What the exercise asks: Write each line of the material exactly as given, from the top through the line that contains "牌組構築方案 以此牌組為基礎新構築牌組 顯示卡面", and omit all pictures.

Start of Supplied information

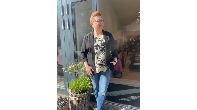 Only Carmakoma står bag både blazer, bluse og jeans
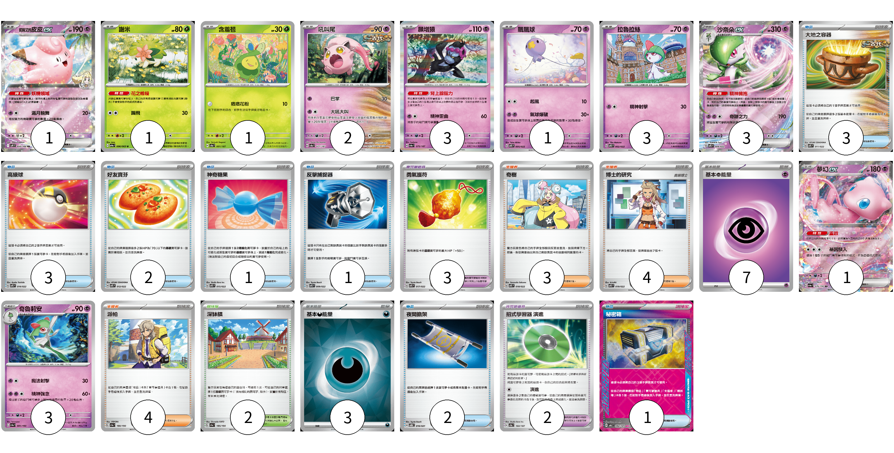 牌組構築方案 以此牌組為基礎新構築牌組 顯示卡面 顯示列表 寶可夢卡(19) 1 1 1 2 3 1 3 3 1 3 寶可夢道具(5) 3 2 物品卡(13) 3 3 2 1 1 2 1 支援者卡(11) 3 4 4 競技場卡(2) 2 能量卡(10) 7 3 寶可夢卡(19) 卡牌名稱 張數 卡牌名稱 張數 莉莉艾的皮皮ex SV9 033/100 01 謝米 SV9a 006/063 01 含羞苞 SV8a 001/187 01 吼叫尾 SV8a 071/187 02 願增猿 SV8a 075/187 03 飄飄球 SVTS 005/022 01 拉魯拉絲 SVTS 002/022 03 沙奈朵ex SVTS 004/022 03 夢幻ex SV4a 076/190 01 奇魯莉安 SV4a 081/190 03 寶可夢道具(5) 卡牌名稱 張數 卡牌名稱 張數 勇氣護符 SVTS 017/022 03 招式學習器 演進 SV8a 160/187 02 物品卡(13) 卡牌名稱 張數 卡牌名稱 張數 大地之容器 SVTS 011/022 03 高級球 SVTS 014/022 03 好友寶芬 SVTS 012/022 02 神奇糖果 SVTS 015/022 01 反擊捕捉器 SVTS 009/022 01 夜間擔架 SVOM 016/021 02 秘密箱 SV6 092/101 01 支援者卡(11) 卡牌名稱 張數 卡牌名稱 張數 奇樹 SVTS 018/022 03 博士的研究 SVTS 019/022 04 派帕 SV4a 180/190 04 競技場卡(2) 卡牌名稱 張數 卡牌名稱 張數 深缽鎮 SV4a 185/190 02 能量卡(10) 卡牌名稱 張數 卡牌名稱 張數 基本【超】能量 SVTS PSY 07 基本【惡】能量 SVOM DAR 03 以此牌組為基礎新構築牌組 牌組編碼 ujvtdE-LTkjFO-EmlTAj copy 列印牌組單 牌組編碼已複製 分享至SNS
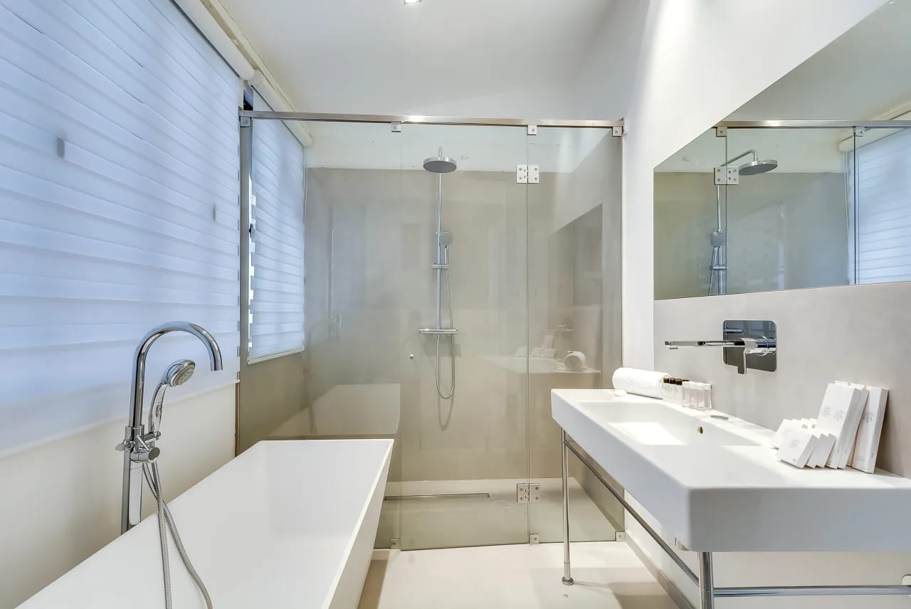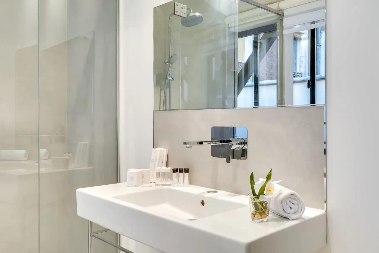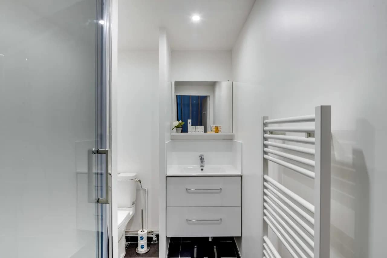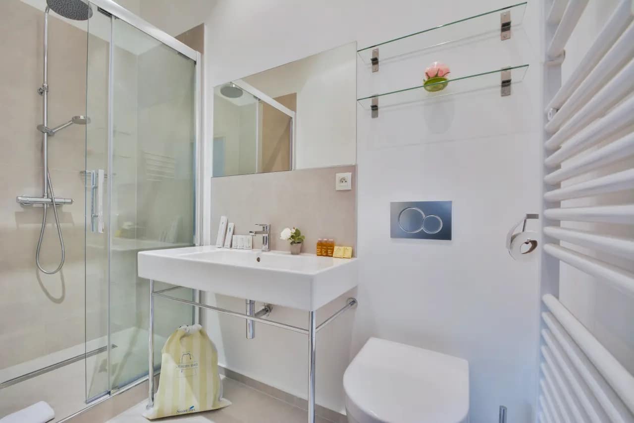 Inside, guests will find everything needed for a comfortable stay, from fully equipped kitchens with modern appliances to inviting dining areas perfect for shared meals. Premium amenities include free WiFi, cable TV, hotel-quality beds and linens, luxury toiletries, and a Nespresso machine. Thoughtful extras such as high-end bedding, rain showers, and stylish furnishings enhance the sense of home. Both apartments are equipped with heating, air conditioning, and smart locks for convenience, while practical touches such as a washing machine, safe, and luggage storage make longer stays effortless. Whether unwinding on the terrace or relaxing in the cosy living area, these apartments are designed to combine comfort with Parisian charm.
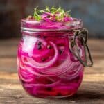 Quick Pickled Red Onions are a tangy and slightly sweet condiment made by soaking thinly sliced red onions in a hot vinegar-based brine. Perfect for adding a burst of flavor and crunch to salads, sandwiches, tacos, and more, this recipe is fast and easy, requiring minimal ingredients and time.
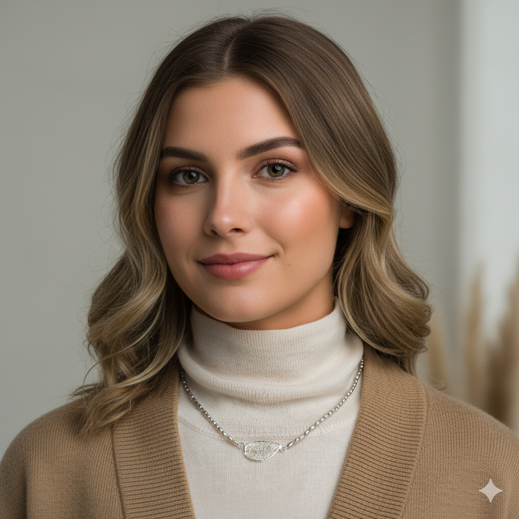 Fine silver crochet leaf, with sterling silver planish frame, on a strand of soft silvery rice peals.

End of Supplied information

Exercise result:
 Only Carmakoma står bag både blazer, bluse og jeans
 牌組構築方案 以此牌組為基礎新構築牌組 顯示卡面 顯示列表 寶可夢卡(19) 1 1 1 2 3 1 3 3 1 3 寶可夢道具(5) 3 2 物品卡(13) 3 3 2 1 1 2 1 支援者卡(11) 3 4 4 競技場卡(2) 2 能量卡(10) 7 3 寶可夢卡(19) 卡牌名稱 張數 卡牌名稱 張數 莉莉艾的皮皮ex SV9 033/100 01 謝米 SV9a 006/063 01 含羞苞 SV8a 001/187 01 吼叫尾 SV8a 071/187 02 願增猿 SV8a 075/187 03 飄飄球 SVTS 005/022 01 拉魯拉絲 SVTS 002/022 03 沙奈朵ex SVTS 004/022 03 夢幻ex SV4a 076/190 01 奇魯莉安 SV4a 081/190 03 寶可夢道具(5) 卡牌名稱 張數 卡牌名稱 張數 勇氣護符 SVTS 017/022 03 招式學習器 演進 SV8a 160/187 02 物品卡(13) 卡牌名稱 張數 卡牌名稱 張數 大地之容器 SVTS 011/022 03 高級球 SVTS 014/022 03 好友寶芬 SVTS 012/022 02 神奇糖果 SVTS 015/022 01 反擊捕捉器 SVTS 009/022 01 夜間擔架 SVOM 016/021 02 秘密箱 SV6 092/101 01 支援者卡(11) 卡牌名稱 張數 卡牌名稱 張數 奇樹 SVTS 018/022 03 博士的研究 SVTS 019/022 04 派帕 SV4a 180/190 04 競技場卡(2) 卡牌名稱 張數 卡牌名稱 張數 深缽鎮 SV4a 185/190 02 能量卡(10) 卡牌名稱 張數 卡牌名稱 張數 基本【超】能量 SVTS PSY 07 基本【惡】能量 SVOM DAR 03 以此牌組為基礎新構築牌組 牌組編碼 ujvtdE-LTkjFO-EmlTAj copy 列印牌組單 牌組編碼已複製 分享至SNS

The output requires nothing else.